Liu Xianglong, Fu Qiang, Wang Deqing, Bai Xiao, Wu Xinyu, Tao Dacheng
IEEE Trans Neural Netw Learn Syst. 2020 Dec;31(12):5312-5323. doi: 10.1109/TNNLS.2020.2965992. Epub 2020 Nov 30.
Building multiple hash tables serves as a very successful technique for gigantic data indexing, which can simultaneously guarantee both the search accuracy and efficiency. However, most of existing multitable indexing solutions, without informative hash codes and strong table complementarity, largely suffer from the table redundancy. To address the problem, we propose a complementary binary quantization (CBQ) method for jointly learning multiple tables and the corresponding informative hash functions in a centralized way. Based on CBQ, we further design a distributed learning algorithm (D-CBQ) to accelerate the training over the large-scale distributed data set. The proposed (D-)CBQ exploits the power of prototype-based incomplete binary coding to well align the data distributions in the original space and the Hamming space and further utilizes the nature of multi-index search to jointly reduce the quantization loss. (D-)CBQ possesses several attractive properties, including the extensibility for generating long hash codes in the product space and the scalability with linear training time. Extensive experiments on two popular large-scale tasks, including the Euclidean and semantic nearest neighbor search, demonstrate that the proposed (D-)CBQ enjoys efficient computation, informative binary quantization, and strong table complementarity, which together help significantly outperform the state of the arts, with up to 57.76% performance gains relatively.

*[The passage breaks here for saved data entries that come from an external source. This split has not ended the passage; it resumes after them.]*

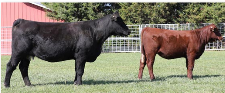
Lot 33 – BCC Harmony 004H and her calf, Lot 33A – BCC Lily 307L
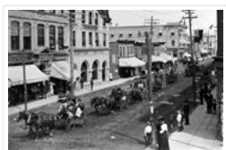
Horse and carriages travelling on Rosser Avenue http://archives.brandonu.ca/en/permalink/descriptions13702

Part Of: Fred McGuinness collection Description Level: Item Series Number: McG 9
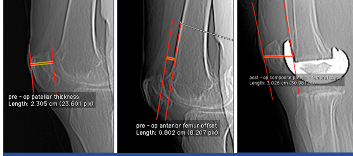
[Table/Fig-3]: Preoperative PT, Distance between anterior and posterior cortex of patella. [Table/Fig-4]: Preoperative AFO, Maximum anterior thickness of distal femur beyond the anterior femur cortical line. [Table/Fig-5]: Postoperative PFC, Distance between anterior cortex of patella and anterior femur cortical line.

构建多个哈希表是一种非常成功的用于海量数据索引的技术,它可以同时保证搜索的准确性和效率。然而,现有的大多多表索引解决方案由于缺乏信息丰富的哈希码和强大的表互补性,在很大程度上存在表冗余问题。为了解决这个问题,我们提出了一种互补二进制量化(CBQ)方法,用于以集中方式联合学习多个表和相应的信息丰富的哈希函数。基于CBQ,我们进一步设计了一种分布式学习算法(D-CBQ),以加速在大规模分布式数据集上的训练。所提出的(D-)CBQ利用基于原型的不完全二进制编码的能力,使原始空间和汉明空间中的数据分布良好对齐,并进一步利用多索引搜索的特性来联合减少量化损失。(D-)CBQ具有几个吸引人的特性,包括在乘积空间中生成长哈希码的可扩展性和线性训练时间的可扩展性。在包括欧几里得和语义最近邻搜索在内的两个流行的大规模任务上进行的大量实验表明,所提出的(D-)CBQ具有高效的计算、信息丰富的二进制量化和强大的表互补性,这些共同有助于显著超越现有技术水平,相对性能提升高达57.76%。